We are increasingly focusing on global value chains, a transition facilitated by our involvement in the ‘SWITCH to Circular Economy Value Chains’ project. The five-year programme is implemented by UNIDO in partnership with Chatham House, Circle Economy and the European Investment Bank. The objective is to support micro, small, and medium-sized suppliers, particularly those in the value chains of larger EU multinationals, to adopt circular economy practices. This has led us into a range of sectors like plastics packaging in Morocco, textile garments in Bangladesh, and potentially electronics and IT in Egypt.
So, in essence, Circle Economy Foundation is moving beyond sectoral expertise to adopt a more global value chain approach, whether it is in textiles, built environment, agrifood, plastics packaging or beyond.

What strategies or tools do you offer to measure and assess the circularity of global value chains? How do you help companies identify areas for improvement?

The Circle Economy Foundation is primarily focus on assessing and improving circularity at the value chain or national level, rather than working one-on-one with individual companies. Our approach aligns closely with the strategies I have previously outlined, which involve analysis, action, and scaling up.
One key tool we offer is in the realm of capacity building. Our training programmes aim to empower internal teams within organisations. Increasingly, we adopt a ‘train the trainer’ model. The idea here is to equip a small group of people within an organisation with specialised knowledge on a particular subject, such as circular design. These individuals then become in-house trainers who can pass on their knowledge to colleagues.
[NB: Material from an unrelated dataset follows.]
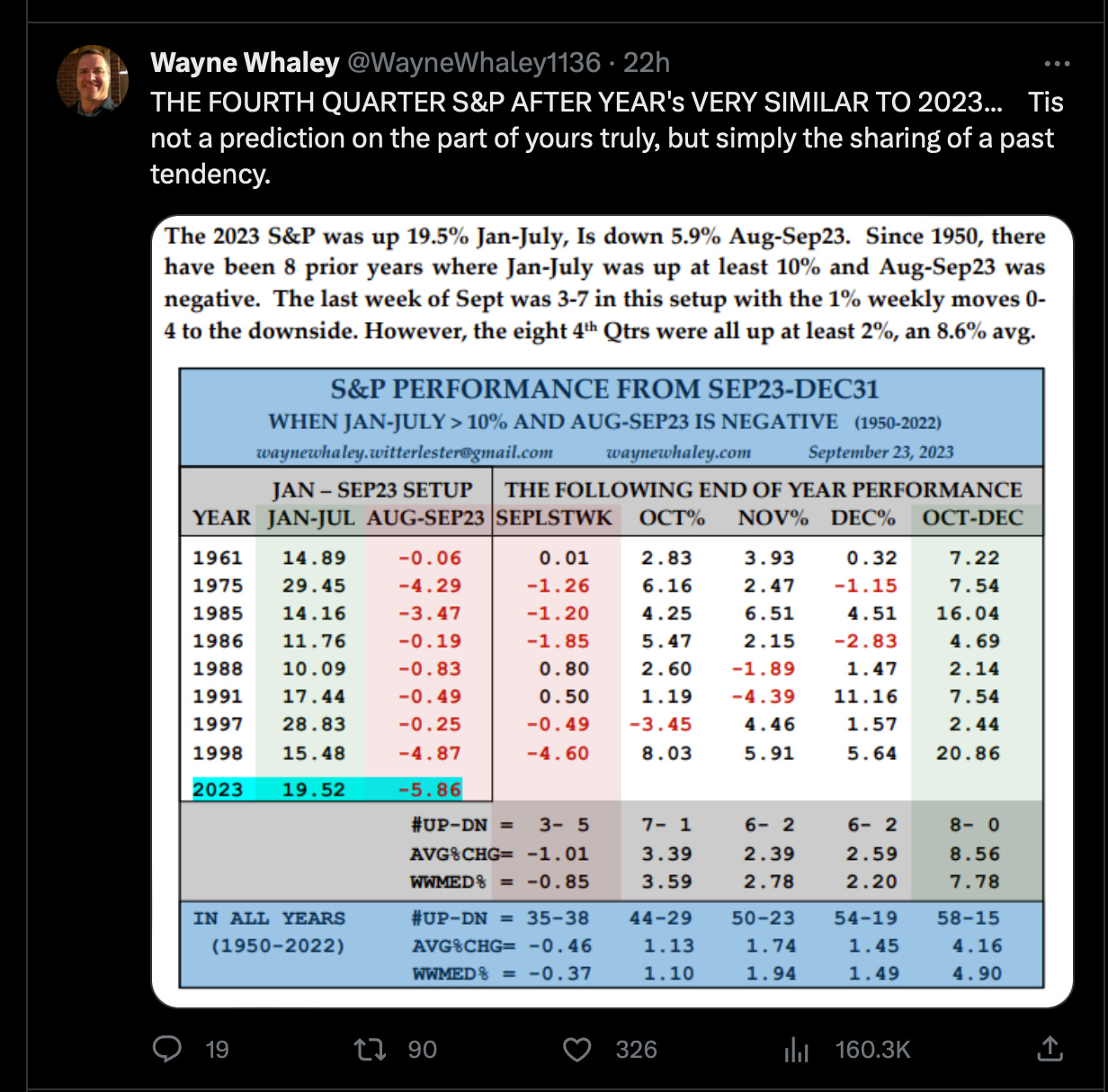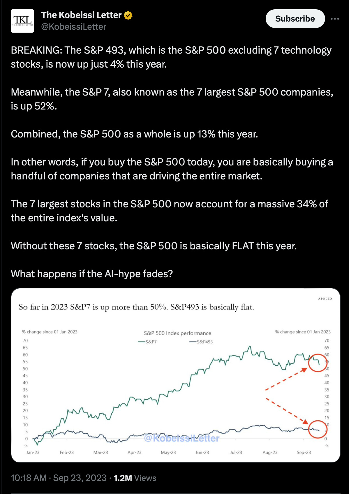 First off our market is completely driven by megacap tech, I’ve said it before but the tweet below highlights it even more. The 7 largest stocks make up 34% of the S&P. That is Apple,Microsoft, Google,Amazon,Nvidia,Meta, and Tesla.

This enables the organisation to build its own capacity for circular practices, making it self-sufficient in that regard.
The goal of our capacity-building efforts is to eventually make companies so proficient in circular practices that they can continue to drive progress on their own, reducing their need for external consultation and support.

What are your future plans?

The interest in the circular economy has grown exponentially over the past decade, far beyond what I personally could ever have initially imagined. It is no longer a niche topic discussed only by a select few; it has become a subject of dinner table conversations and boardrooms worldwide. Our aim at Circle Economy Foundation is to continuously challenge the status quo by asking difficult questions about what comes next.
In recent years, we have focused on shedding light on under-explored issues within the circular economy space. For example, we have looked into the social dimensions and the concept of a just transition, as well as the potential negative rebound effects of adopting specific circular strategies. While it may seem counterintuitive for an organisation like Circle Economy to explore these areas, it is crucial to critically examine our assumptions about the benefits of this model and design and lead this circular transition with the utmost intent and rigour.
Moving forward, we plan to continue probing lesser-understood or known aspects within the realm of circularity. We also aim to continue to expand our reach beyond Europe, focusing on building meaningful global partnerships. The intent is to allow these international collaborations to shape both our work and approach. As we proceed, expect to see an increased emphasis on value chain aspects and continued expansion into key sectors.
Interviewer: Shilpi Panjabi
Published on: 27/10/2023

DISCLAIMER: All views and opinions expressed in this column are solely of the interviewee, and they do not reflect in any way the opinion of Fibre2Fashion.com.